OK. Changed it to a SHOULD. The sending wouldn't be reliable anyway.
>> 
>>> Also it seems in most of the cases mapping of Int-VTag to Priv-Addr should be enough. Is it really required to keep the rest like External VTag in the table?  
>> Yepp. To map incoming packets with the T-bit set.
>> [Maxim] Yes, it's reasonable but not mandatory in my view compared to e.g. Int-VTag.  That was my point.  Do you think it's a bad idea to add a sentence explaining why Ext-VTag is needed? Btw, I propose to use "T bit" instead to align with RFC4960.
> Fixed.
> [Maxim] Ok
>> 
>>> -----
>>> 3.
>>> It seems the case when SCTP is behind the NAT and it's in the Server mode (accepts INITs) is not described clearly.. There is only one paragraph about it:
>>> 
>>>   For an incoming packet containing an INIT-chunk a table lookup is
>>>   made only based on the addresses and port numbers.  If an entry with
>>>   an External-VTag of zero is found, it is considered a match and the
>>>   External-VTag is updated.
>>> 
>>> I think it’s not enough. What should be the behavior when an entry is not found? When it’s found but
>> You can't do anything...
>>> External VTag is not zero?
>> Drop it.
>> [Maxim] Would be good to mention it in the draft.
> OK. I added:
> If an entry with a non-matching External-VTag is found or no entry is found,
> the incoming packet is dropped. If an entry with a matching External-VTag
> is found, the incoming packet is forwarded.
> [Maxim] Ok
>> 
>>> As far as I understood the idea of the document is that the NAT is kind of a firewall for packets received from unknown external IP address (no entry found including incoming INIT case). Is it really so? Can it be improved in cases when the NAT trusts to some external IPs, i.e. there is a method to configure from which external IP addresses it should accept incoming INITs. In that case the NAT could also map incoming associations.

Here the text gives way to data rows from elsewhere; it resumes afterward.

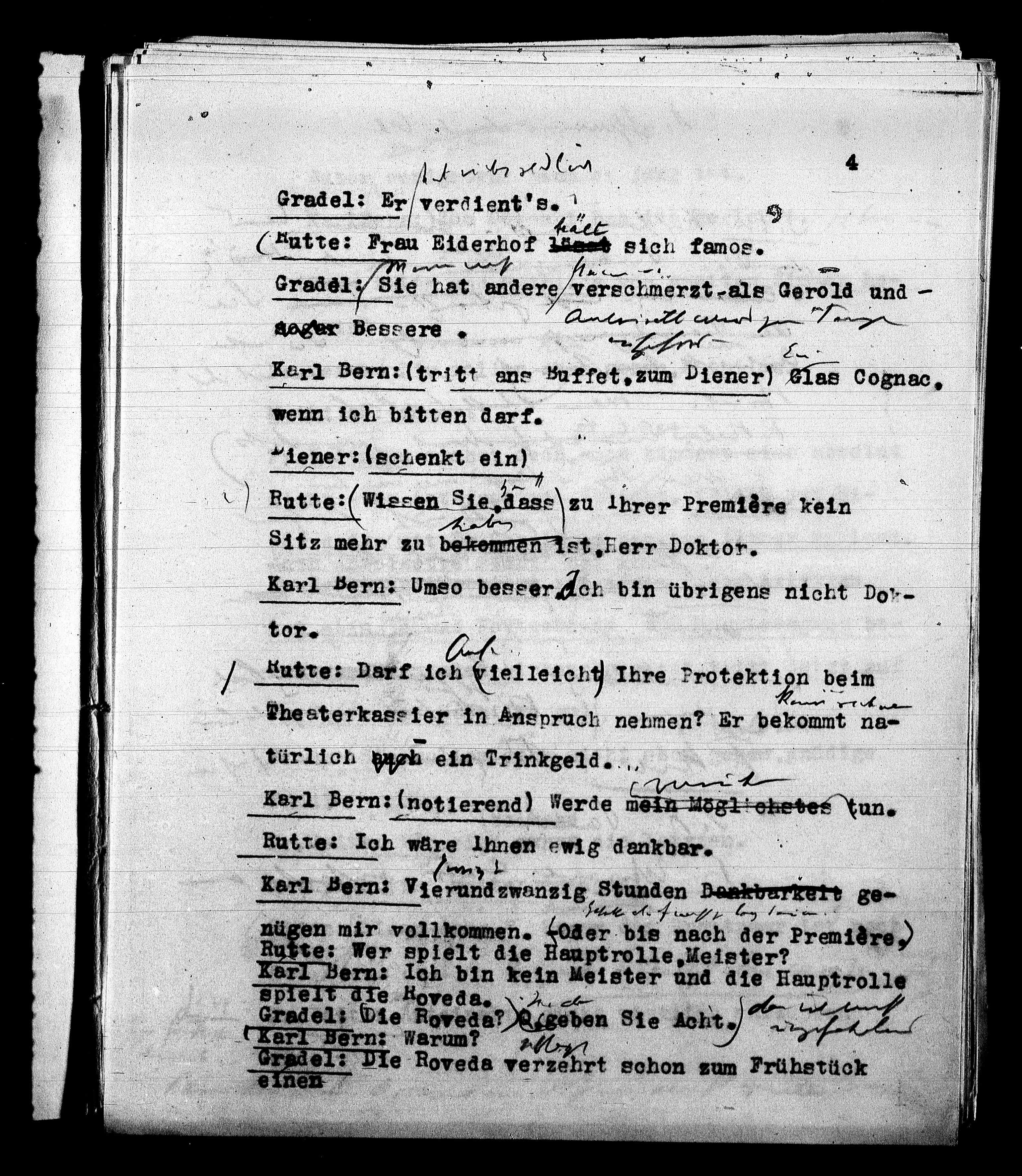 Karl Bern: (tritt ans Kuffet, zum Diener) Mas Cognac.
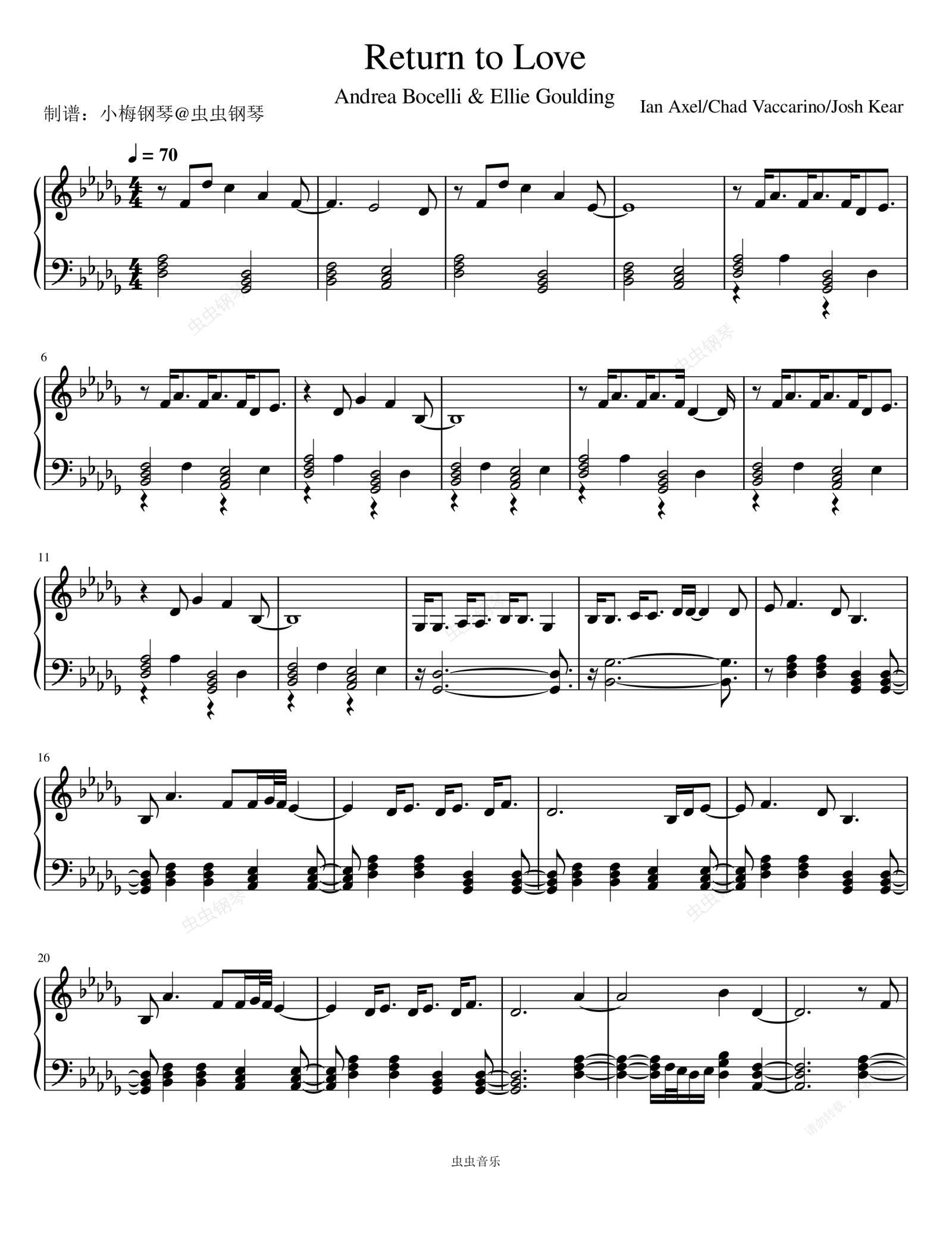 钢琴谱:Return To Love - Andrea Bocelli/Ellie Goulding
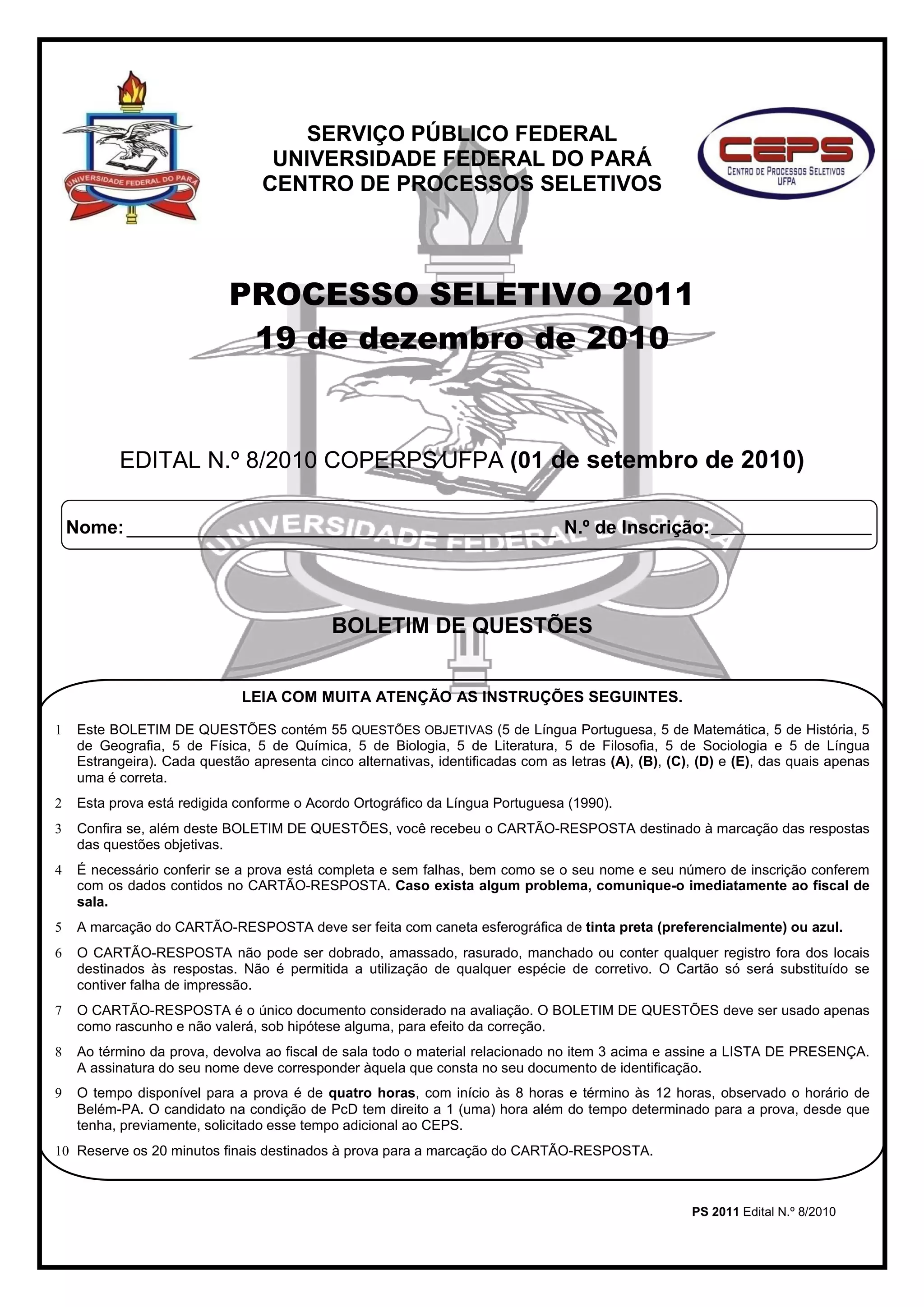 1. O documento é um boletim de questões para um processo seletivo da Universidade Federal do Pará em 2011.
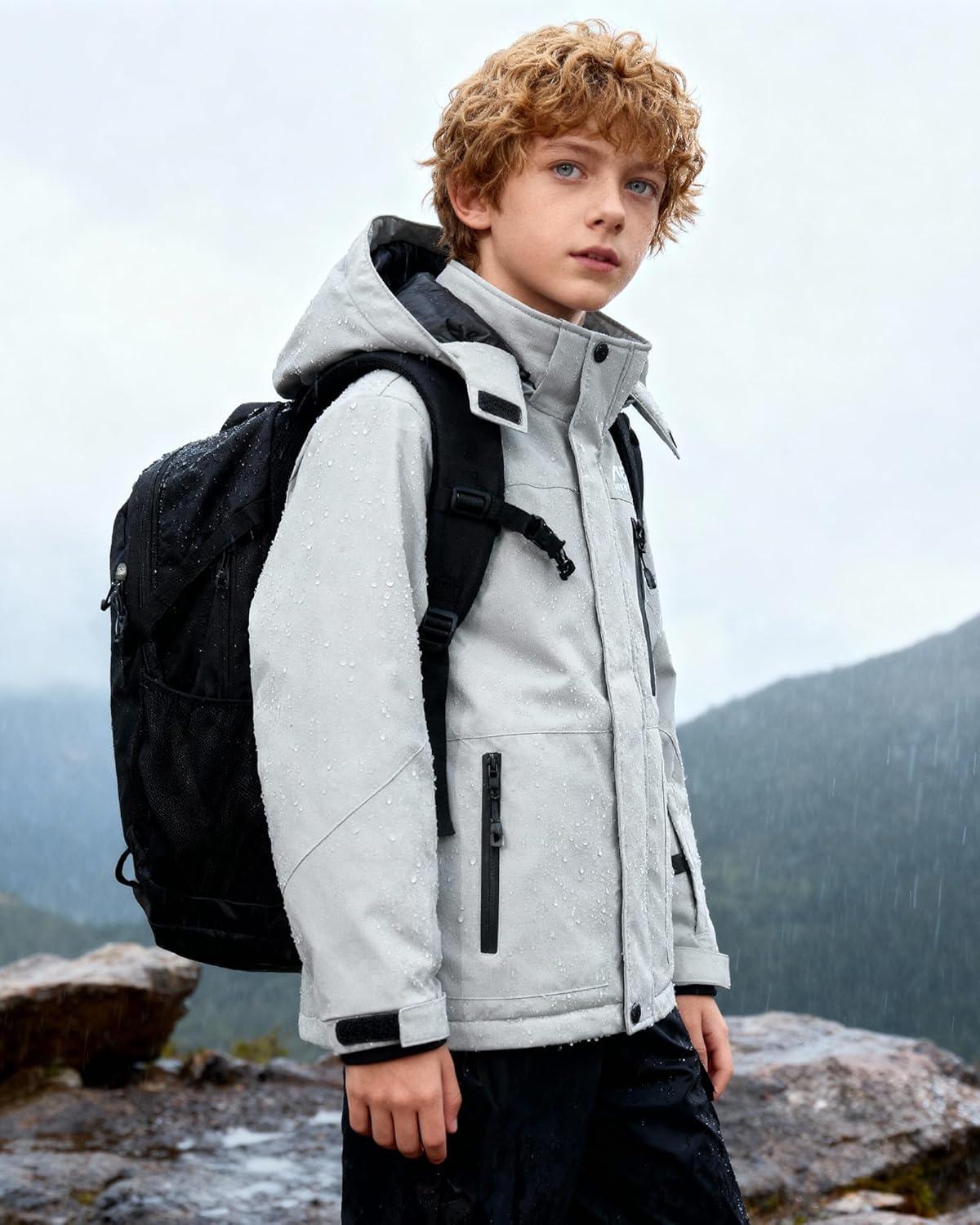 WULFUL Boy's Winter Waterproof Ski Coat Kids Windproof Snow Jacket with Detachable Hood(Grey)

>> You can also have mechanisms not described in this document to handle exposed ports...
>> [Maxim] Yes, we discussed it and I'm fine with it. Anyway, for me it would be really useful if the draft in the beginnig has a sentence explaining it. 
> I added the last sentence to the following paragraph in Section 4.3:
> 
> <t>For the SCTP NAT processing the NAT device has to maintain a NAT binding table
> of Internal-VTag, Internal-Port, External-VTag, External-Port, Private-Address,
> and whether the restart procedure is disabled or not.
> An entry in that NAT binding table is called a NAT state control block.
> The function Create() obtains the just mentioned parameters and returns
> a NAT-State control block.
> A NAT device MAY allow creating NAT-State control blocks via a management
> interface.</t>
> [Maxim] Ok
>> 
>>> Otherwise I see it as a serious limitation of the proposed solution and it should be clearly stated at the beginning of the document.
>>> -----
>>> 5.
>>> The document focuses on cases when entries are added into the table but doesn’t describe when and how they should be removed.
>>> I think processing of ABORT and SHUTDOWN COMPLETE/ACK should be added.
>>> The document also recommends a timer in Section 10 which I guess results in entries removal. I wonder if it should also be mentioned that if the NAT device is able to track liveness of SCTP instances associated by the private address, it should also remove entries when it’s dead..
>> I think the best way to remove the NAT state is to do it by a timer. You have to have one anyway. And taking
>> specific chunks into account makes the implementation harder in case of the packet containing that chunks is lost
>> after NAT processing. However, the ID does not forbid this. So if you have a setup where such processing makes sense,
>> you are free to add it.
>> [Maxim] Ok, I thought that was the idea of the draft actually but not described well. At least NAT implementations with SCTP support that I saw so far try to use ABORT/SHUTDOWN chunks and the timer, i.e. both ways. I'm actually fine if the draft describes the timer-based approach only but I thought it's logical to also use the chunks as the draft already prescribes to handle them specifically.
> You can add that. It is not forbidden. But you see the SCTP association normally only on one
> path. So in the multihoming case, you need to use the timer approach on all other paths.
> [Maxim] Ok
>> 
>> 
>>> -----
>>> 7. 
>>> The cases when INIT and ASCONF are retransmitted, i.e. sent from the same Priv-Addr are not covered. I think it’s better to clearly state or even have examples that in those cases there will be matching in the table also including Priv-Addr matching and the NAT should handle it like any other chunk/packet, i.e. replace the source address and send it further.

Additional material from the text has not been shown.